Die Stimme von Archaikos klingt hart und scharf. Sardonius macht sich Sorgen, wenn er seine beiden Kronzeugen betrachtet. Sie wirken verängstigt und verunsichert. Das könnte Archaikos misstrauisch machen. Aber er kann jetzt nichts mehr tun. Die beiden Zeugen wechseln kurz ein paar Blicke mit einander, dann beginnt Nemetos. So hatten sie sich abgesprochen:

„Wir waren gestern abkommandiert zum Tempel der Hohenpriesterin. Da haben wir beide die Frauen belauschen können.“

„Belauschen?“

Die Stimme des Minos wird schneidender.

Wo habt ihr denn gestanden dabei?“

Nemetos sucht Hilfe bei seinem Kameraden. Thortys schaut aber weiter zu Boden. Chandaraissa, die nur zu deutlich sieht, was für ein Schwächling dieser Zeuge ist, lässt jetzt, als der mit seinen fragenden Blicken auch bei ihr vorbeistreift, scheinbar zufällig den Träger ihres weiten Gewandes von ihrer Schulter gleiten, was den armen Nemetos nur noch mehr verwirrt.

„Im Nebenraum zur großen Tempelzelle. Da gibt es in der Wand einen Spalt, dadurch konnten wir sehen und hören, was gesprochen wurde nebenan.“

Archaikos bekommt einen Lachanfall. Zugleich wirft er einen Blick zu Europa, dann zu Sardonius und dann noch zu Chandaraissa. Was für ein erbärmliches Spiel hat sich da der Herr der Hofhaltung, der Abgaben und der Sicherheit ausgedacht, geht es Archaikos dabei durch den Kopf. Die Hohenpriesterin lächelt sogar. Sie hat bestimmt genauso wie ich längst durchschaut, was für eine böse Absicht dem Ganzen zugrunde liegt.
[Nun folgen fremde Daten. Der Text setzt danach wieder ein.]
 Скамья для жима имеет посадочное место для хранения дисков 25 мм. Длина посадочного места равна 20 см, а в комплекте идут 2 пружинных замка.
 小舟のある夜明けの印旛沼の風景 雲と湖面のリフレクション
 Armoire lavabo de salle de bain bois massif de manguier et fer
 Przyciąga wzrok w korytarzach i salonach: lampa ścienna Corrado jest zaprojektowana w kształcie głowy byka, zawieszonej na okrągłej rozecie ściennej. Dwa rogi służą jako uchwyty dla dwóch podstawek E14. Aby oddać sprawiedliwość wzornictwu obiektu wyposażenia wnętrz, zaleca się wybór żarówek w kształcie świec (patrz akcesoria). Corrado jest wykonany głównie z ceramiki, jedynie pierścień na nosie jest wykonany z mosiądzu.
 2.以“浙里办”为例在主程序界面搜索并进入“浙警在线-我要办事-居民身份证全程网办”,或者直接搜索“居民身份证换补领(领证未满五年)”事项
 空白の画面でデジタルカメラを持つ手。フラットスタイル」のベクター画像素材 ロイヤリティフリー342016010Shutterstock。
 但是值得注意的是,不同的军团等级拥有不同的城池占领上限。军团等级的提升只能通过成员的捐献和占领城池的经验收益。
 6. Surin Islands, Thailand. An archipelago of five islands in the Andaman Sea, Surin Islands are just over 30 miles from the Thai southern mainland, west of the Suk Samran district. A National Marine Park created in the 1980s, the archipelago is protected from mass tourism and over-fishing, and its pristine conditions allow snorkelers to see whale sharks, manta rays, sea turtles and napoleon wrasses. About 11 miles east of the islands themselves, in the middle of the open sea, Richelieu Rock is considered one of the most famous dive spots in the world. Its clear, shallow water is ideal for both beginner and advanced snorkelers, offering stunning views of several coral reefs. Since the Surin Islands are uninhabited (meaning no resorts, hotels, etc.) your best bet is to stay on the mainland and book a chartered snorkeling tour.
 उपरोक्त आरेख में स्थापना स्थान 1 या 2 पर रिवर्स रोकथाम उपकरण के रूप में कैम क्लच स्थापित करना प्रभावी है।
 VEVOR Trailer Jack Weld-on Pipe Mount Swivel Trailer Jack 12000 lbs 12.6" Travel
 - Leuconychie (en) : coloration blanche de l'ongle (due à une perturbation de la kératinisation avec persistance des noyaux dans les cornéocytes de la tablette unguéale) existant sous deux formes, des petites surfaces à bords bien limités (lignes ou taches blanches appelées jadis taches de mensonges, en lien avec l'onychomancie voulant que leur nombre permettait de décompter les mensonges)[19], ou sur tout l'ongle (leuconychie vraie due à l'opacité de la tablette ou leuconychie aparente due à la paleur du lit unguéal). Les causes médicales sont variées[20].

Dann wandert sein Blick weiter zu seinen alten Beratern, die wie unterernährte Krähen auf ihren Plätzen hocken. Ihre Augen zu Schlitzen verengt lauern sie auf ihre Stunde. Den Gefallen werde ich ihnen aber nicht tun. Ich muss das Gerichtsverfahren durchziehen, als wäre alles in Ordnung so.
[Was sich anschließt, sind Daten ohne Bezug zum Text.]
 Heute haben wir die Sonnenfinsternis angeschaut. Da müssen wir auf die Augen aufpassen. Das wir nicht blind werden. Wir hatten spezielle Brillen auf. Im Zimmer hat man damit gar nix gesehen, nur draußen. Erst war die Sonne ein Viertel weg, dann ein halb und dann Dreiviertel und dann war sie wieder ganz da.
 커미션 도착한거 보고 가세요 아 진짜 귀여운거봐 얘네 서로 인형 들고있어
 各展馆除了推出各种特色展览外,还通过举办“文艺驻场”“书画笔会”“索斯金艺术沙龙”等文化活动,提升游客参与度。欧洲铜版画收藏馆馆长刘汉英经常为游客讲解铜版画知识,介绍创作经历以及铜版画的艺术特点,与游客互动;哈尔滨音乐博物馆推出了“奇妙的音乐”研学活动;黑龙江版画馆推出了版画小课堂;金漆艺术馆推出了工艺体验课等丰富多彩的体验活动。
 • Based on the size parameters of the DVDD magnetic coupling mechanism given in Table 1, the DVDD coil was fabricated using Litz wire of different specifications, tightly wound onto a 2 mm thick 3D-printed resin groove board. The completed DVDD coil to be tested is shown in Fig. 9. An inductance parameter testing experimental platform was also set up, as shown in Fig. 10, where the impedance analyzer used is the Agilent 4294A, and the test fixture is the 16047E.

Mit schrillen Schreien und großem Geflatter landen jetzt drei große Elstern an der Dachkante. Alle blicken überrascht zu ihnen hoch. Die wollen wohl auch meinen Triumpf miterleben, sagt Sardonius genüsslich zu sich selbst. Wenn er allerdings wüsste, wer sich hinter den dreien verbirgt, wäre er sicher etwas vorsichtiger gewesen. Aber keinem hier in diesem großen aufgeheizten Innenhof ist klar, dass es die drei göttlichen Brüder sind, die sich mal wieder einen Scherz erlauben, um sich über die dummen Menschenkinder lustig machen zu können. Sie wollen möglichst nahe dabei sein, nichts verpassen und die Folgen ihres Fluches über die Frauen genießen. So ein Verfahren ist einfach Nektar und Ambrosia gegen die Langeweile und olympische Einöde da oben.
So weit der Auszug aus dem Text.